» Task description:
Copy all the data exactly, except the pictures.

[Collected data entries]
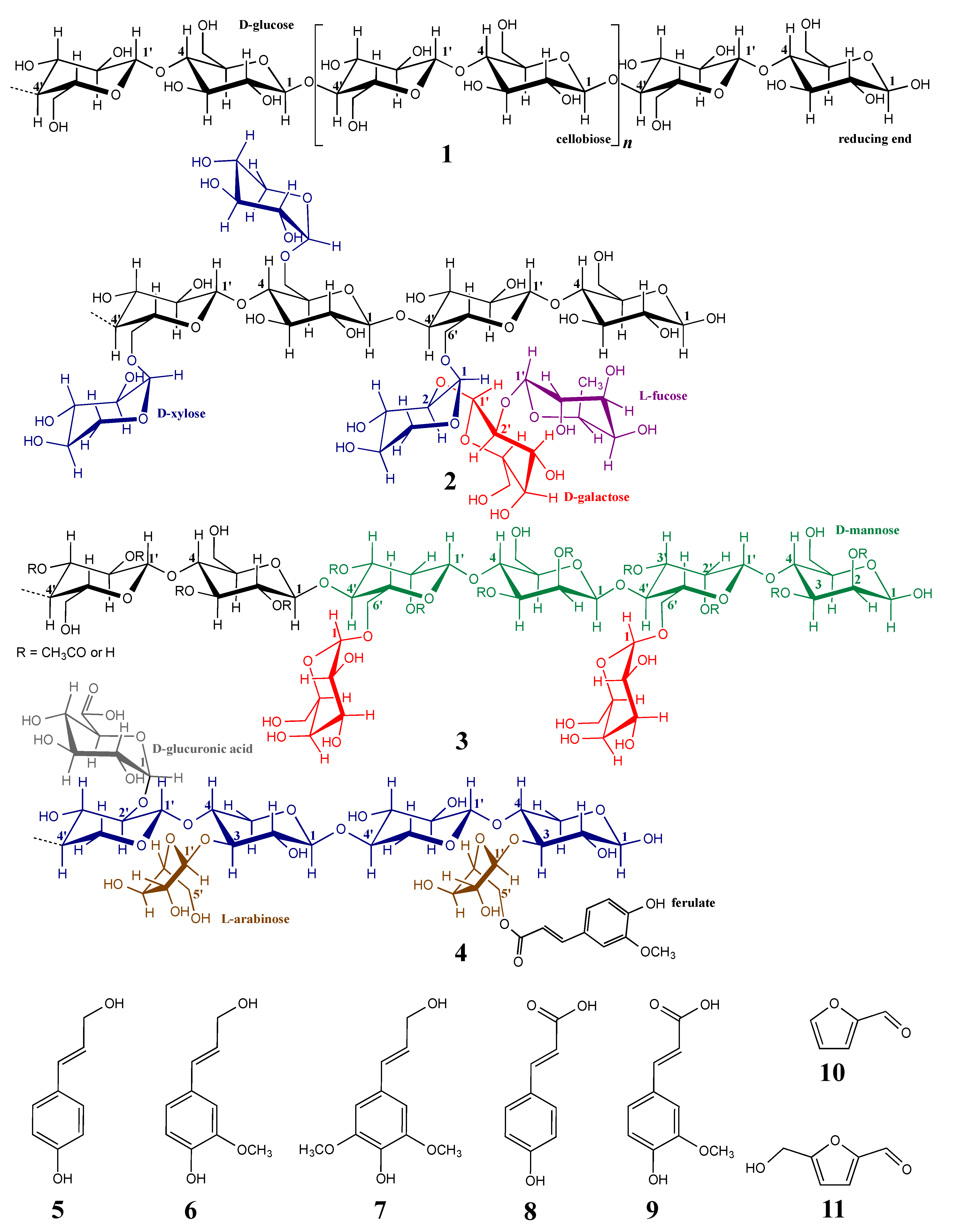 1.2. Lignocellulosic Biomass Consists of Different Cell Wall Polymers
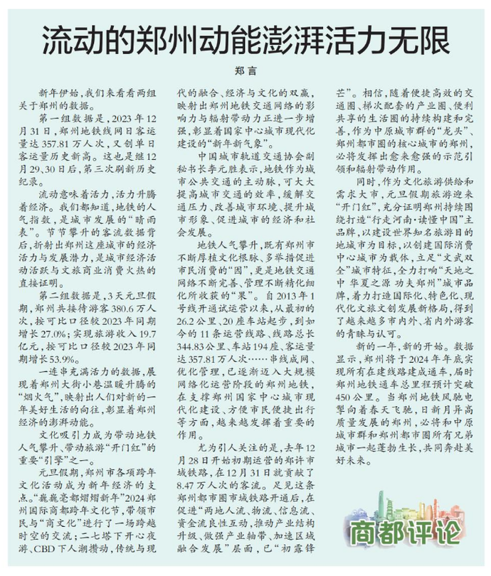 第一组数据是,2023年12月31日,郑州地铁线网日客运量达357.81万人次,又创单日客运量历史新高。这也是继12月29、30日后,第三次刷新历史纪录。(今日《郑州日报》3版)
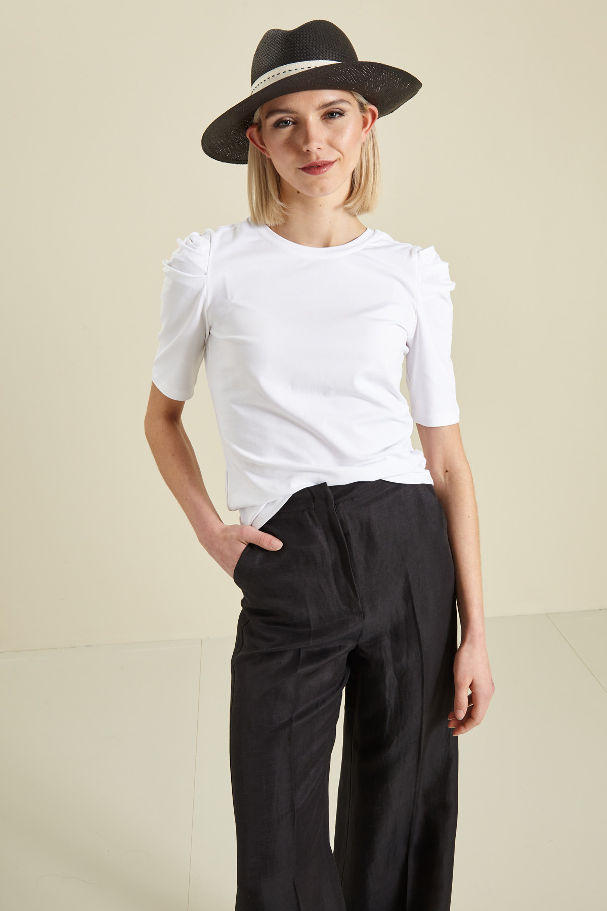 - Modello in carta; nastro parasudore 65% cotone, 35% poliestere; con particolari in 65% cotone, 35% poliestere.
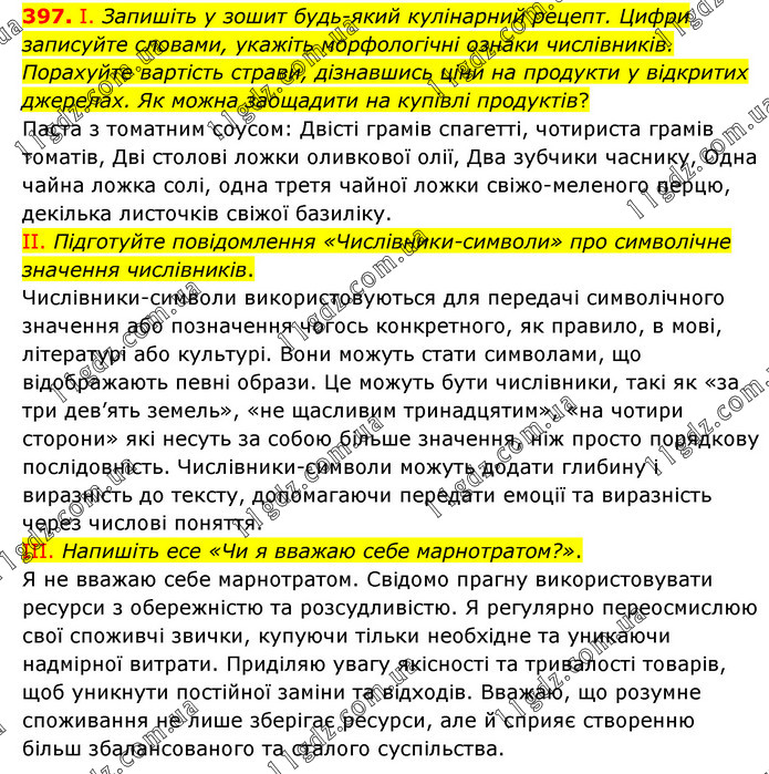 І. Запишіть у зошит будь-який кулінарний рецепт. Цифри записуйте словами, укажіть морфологічні ознаки числівників. Порахуйте вартість страви, дізнавшись ціни на продукти у відкритих джерелах. Як можна заощадити на купівлі продуктів? Паста з томатним соусом: Двісті грамів спагетті, чотириста грамів томатів, Дві столові ложки оливкової олії, Два зубчики часнику, Одна чайна ложка солі, одна третя чайної ложки свіжо-меленого перцю, декілька листочків свіжої базиліку. ІІ. Підготуйте повідомлення «Числівники-символи» про символічне значення числівників. Числівники-символи використовуються для передачі символічного значення або позначення чогось конкретного, як правило, в мові, літературі або культурі. Вони можуть стати символами, що відображають певні образи. Це можуть бути числівники, такі як «за три дев’ять земель», «не щасливим тринадцятим», «на чотири сторони» які несуть за собою більше значення, ніж просто порядкову послідовність. Числівники-символи можуть додати глибину і виразність до тексту, допомагаючи передати емоції та виразність через числові поняття. ІІІ. Напишіть есе «Чи я вважаю себе марнотратом?». Я не вважаю себе марнотратом. Свідомо прагну використовувати ресурси з обережністю та розсудливістю. Я регулярно переосмислюю свої споживчі звички, купуючи тільки необхідне та уникаючи надмірної витрати. Приділяю увагу якісності та тривалості товарів, щоб уникнути постійної заміни та відходів. Вважаю, що розумне споживання не лише зберігає ресурси, але й сприяє створенню більш збалансованого та сталого суспільства.
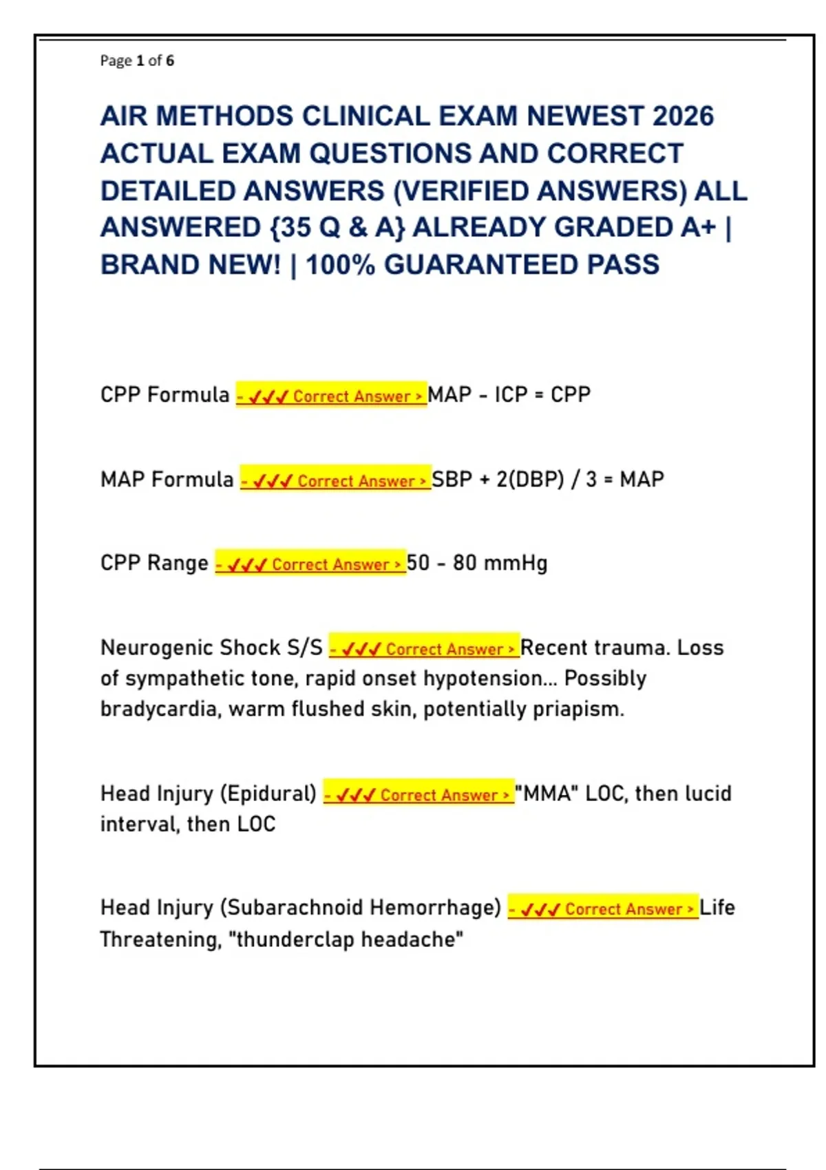 Head Injury (Subarachnoid Hemorrhage) - ✔✔✔ Correct Answer > Life
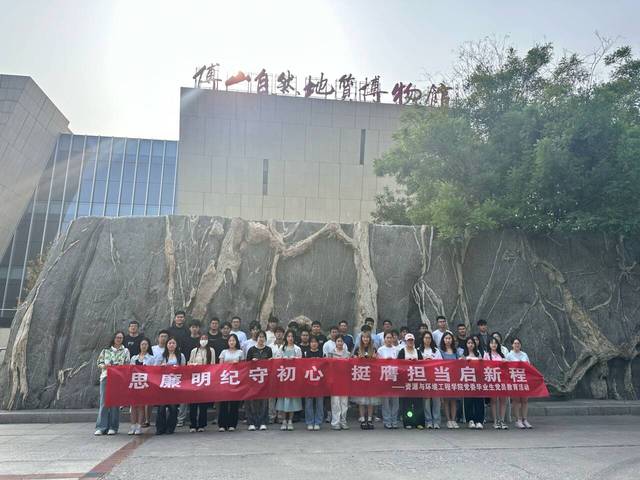 为扎实开展深入贯彻中央八项规定精神学习教育,强化毕业生党员理想信念教育,激励青年学子勇担时代使命,5月21日下午,资源与环境工程公司党委组织2025届毕业生党员赴淄博市傅山自然地质博物馆开展“思廉明纪守初心 挺膺担当启新程”毕业生党员主题党日活动,院团委书记、员工第一党支部书记赵佳佳带队参加。
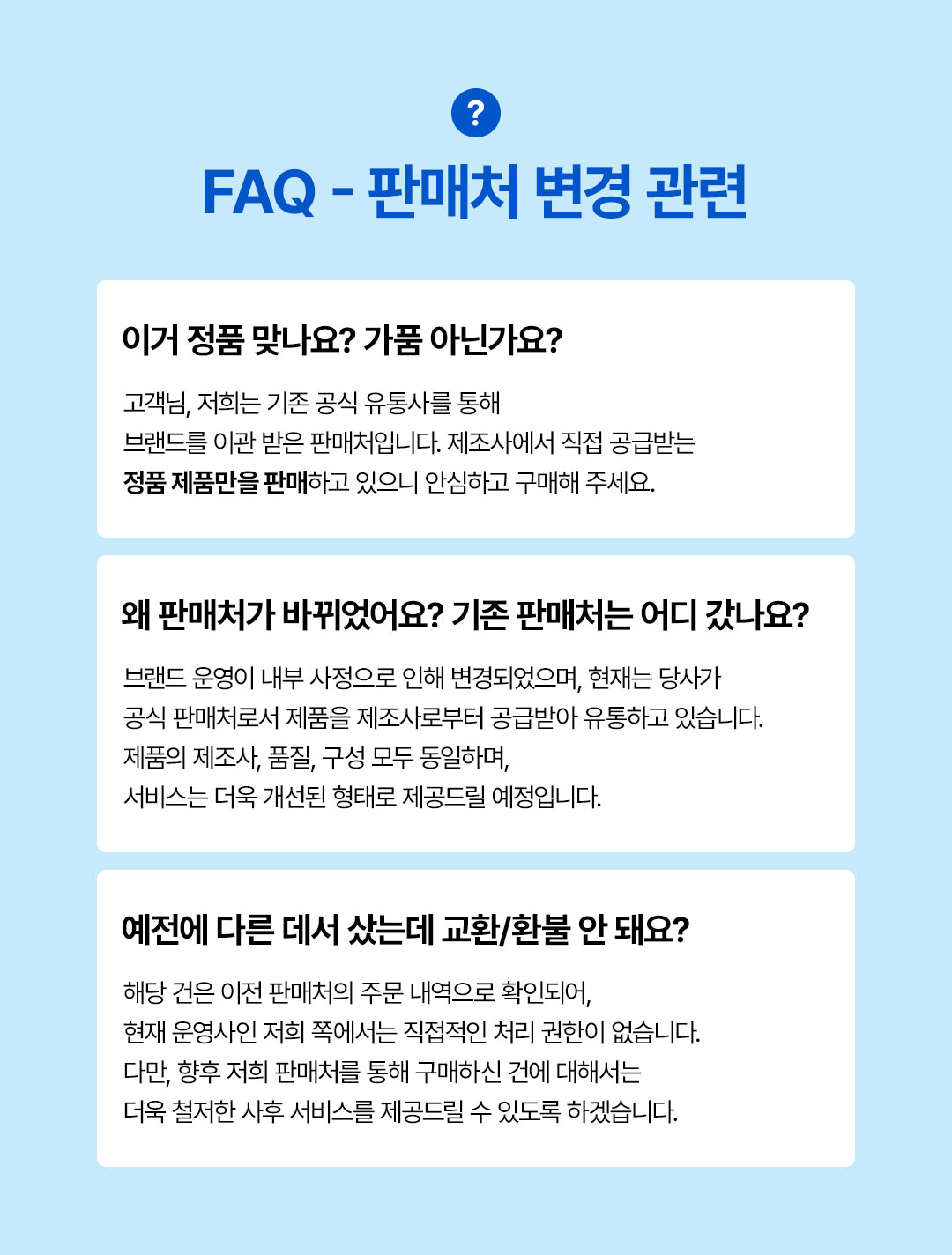 대량 구매하셨더라도, 수령/개봉 후 장기간 경과한 제품의 경우, 귀책 여부 확인이 어려워 처리가 불가하니, 꼭 안내된 기한 내에 문의 부탁드립니다.
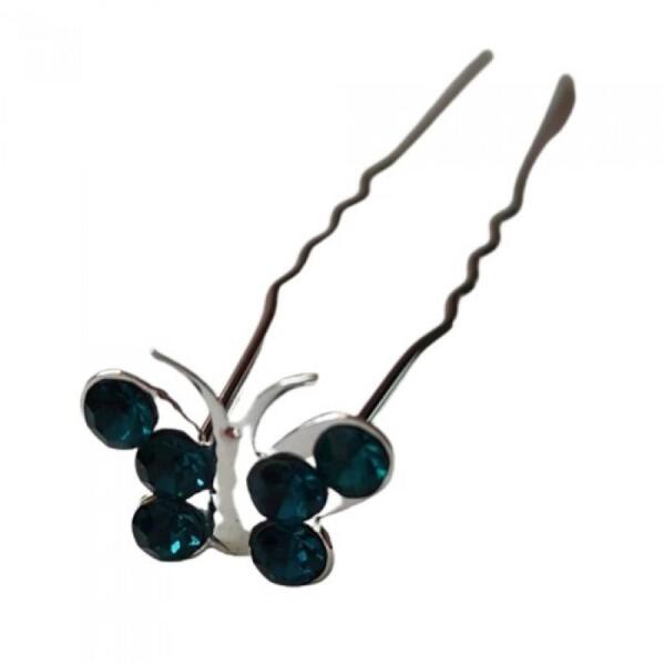 Hair Power pillangó hajtű kék strasszkövekkel, 1 db- Elegáns pillangó formájú hajtű mélykék strasszkövekkel kirakva

» Task response:
 1.2. Lignocellulosic Biomass Consists of Different Cell Wall Polymers
 第一组数据是,2023年12月31日,郑州地铁线网日客运量达357.81万人次,又创单日客运量历史新高。这也是继12月29、30日后,第三次刷新历史纪录。(今日《郑州日报》3版)
 - Modello in carta; nastro parasudore 65% cotone, 35% poliestere; con particolari in 65% cotone, 35% poliestere.
 І. Запишіть у зошит будь-який кулінарний рецепт. Цифри записуйте словами, укажіть морфологічні ознаки числівників. Порахуйте вартість страви, дізнавшись ціни на продукти у відкритих джерелах. Як можна заощадити на купівлі продуктів? Паста з томатним соусом: Двісті грамів спагетті, чотириста грамів томатів, Дві столові ложки оливкової олії, Два зубчики часнику, Одна чайна ложка солі, одна третя чайної ложки свіжо-меленого перцю, декілька листочків свіжої базиліку. ІІ. Підготуйте повідомлення «Числівники-символи» про символічне значення числівників. Числівники-символи використовуються для передачі символічного значення або позначення чогось конкретного, як правило, в мові, літературі або культурі. Вони можуть стати символами, що відображають певні образи. Це можуть бути числівники, такі як «за три дев’ять земель», «не щасливим тринадцятим», «на чотири сторони» які несуть за собою більше значення, ніж просто порядкову послідовність. Числівники-символи можуть додати глибину і виразність до тексту, допомагаючи передати емоції та виразність через числові поняття. ІІІ. Напишіть есе «Чи я вважаю себе марнотратом?». Я не вважаю себе марнотратом. Свідомо прагну використовувати ресурси з обережністю та розсудливістю. Я регулярно переосмислюю свої споживчі звички, купуючи тільки необхідне та уникаючи надмірної витрати. Приділяю увагу якісності та тривалості товарів, щоб уникнути постійної заміни та відходів. Вважаю, що розумне споживання не лише зберігає ресурси, але й сприяє створенню більш збалансованого та сталого суспільства.
 Head Injury (Subarachnoid Hemorrhage) - ✔✔✔ Correct Answer > Life
 为扎实开展深入贯彻中央八项规定精神学习教育,强化毕业生党员理想信念教育,激励青年学子勇担时代使命,5月21日下午,资源与环境工程公司党委组织2025届毕业生党员赴淄博市傅山自然地质博物馆开展“思廉明纪守初心 挺膺担当启新程”毕业生党员主题党日活动,院团委书记、员工第一党支部书记赵佳佳带队参加。
 대량 구매하셨더라도, 수령/개봉 후 장기간 경과한 제품의 경우, 귀책 여부 확인이 어려워 처리가 불가하니, 꼭 안내된 기한 내에 문의 부탁드립니다.
 Hair Power pillangó hajtű kék strasszkövekkel, 1 db- Elegáns pillangó formájú hajtű mélykék strasszkövekkel kirakva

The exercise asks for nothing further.